HAL Id: lirmm-01248586
https://hal-lirmm.ccsd.cnrs.fr/lirmm-01248586
Submitted on 27 Mar 2019

HAL is a multi-disciplinary open access archive for the deposit and dissemination of scientific research documents, whether they are published or not. The documents may come from teaching and research institutions in France or abroad, or from public or private research centers.
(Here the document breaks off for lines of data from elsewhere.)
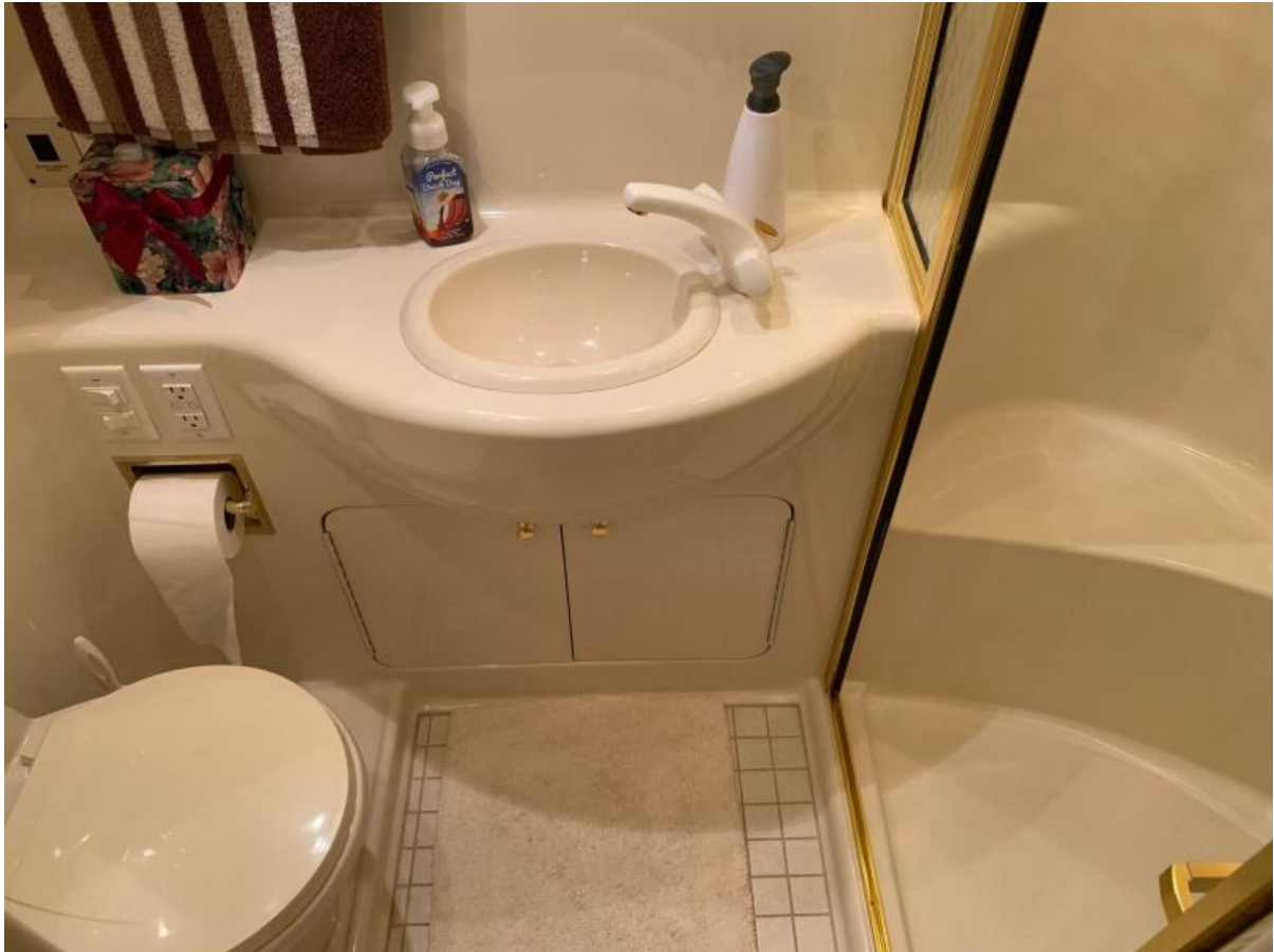
VIP Head Aft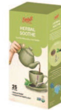
Herb Soothe 30g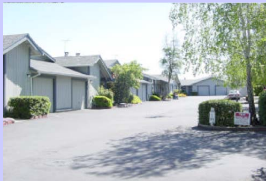
Apartments looking South from Bidwell

L’archive ouverte pluridisciplinaire HAL, est destinée au dépôt et à la diffusion de documents scientifiques de niveau recherche, publiés ou non, émanant des établissements d’enseignement et de recherche français ou étrangers, des laboratoires publics ou privés.
An Architecture-level Cache Simulation Framework Supporting Advanced PMA STT-MRAM

Bi Wu*, Yuanqing Cheng†, Ying Wang‡, Aida Todri-Sanial¶, Guangyu Sun§, Lionel Torres¶ and Weisheng Zhao†

*School of Software Engineering
†School of Electrical and Information Engineering
Beihang University, Beijing, China, 100191
‡Institute of Computing Technology, Chinese Academy of Sciences
Beijing, China, 100190
¶LIRMM laboratory, CNRS, Montpellier, France, 34095
§CECA, EECS, Peking University, Beijing, China, 100871

Email: yuanqing@ieee.org

Abstract—With integration density on-chip rocketing up, leakage power dominates the whole power budget of contemporary CMOS technology based memory, especially for SRAM based on-chip cache. To overcome the aggravating “power wall” issue, some emerging memory technologies such as STT-MRAM (Spin transfer torque magnetic RAM), PCRAM (Phase change RAM), and ReRAM (Resistive RAM) are proposed as promising candidates for next generation cache design. Although there are several existing simulation tools available for cache design, such as NVSim and CACTI, they either cannot support the most advanced PMA (Perpendicular magnetic anisotropy) STT-MRAM model or lack the ability for multi-banked large capacity cache simulation. In this paper, we propose an architecture level design framework for cache design from device level up to array structure level, which can support the most advanced PMA STT-MRAM technology. The simulation results are analyzed and compared with those produced by NVSim, which prove the correctness of our framework. The potential benefits of PMA STT-MRAM used as multi-banked L2 and L3 cache are also investigated in the paper. We believe that our framework will be helpful for computer architecture researchers to adopt the PMA STT-MRAM in on-chip cache design.

I. INTRODUCTION

As the technology node continuously shrinks, CMOS based memory suffers from severe static power consumption challenge due to the aggravating transistor sub-threshold leakage. The standby power of cache memory occupies a large fraction of the total power budget [1]. To attack the elevated “power wall” problem, several emerging non-volatile memory (NVM) technologies, such as PCRAM [2], ReRAM [3], and Spin Torque Transfer memory (STT-MRAM) [4], are proposed as promising candidates for the future memory architecture design because of their high density, good scalability, and ultra low leakage. Among these technologies, STT-MRAM has some unique properties like fast read/write speed and high endurance. Therefore, it is a competitive candidate of on-chip cache to replace SRAM.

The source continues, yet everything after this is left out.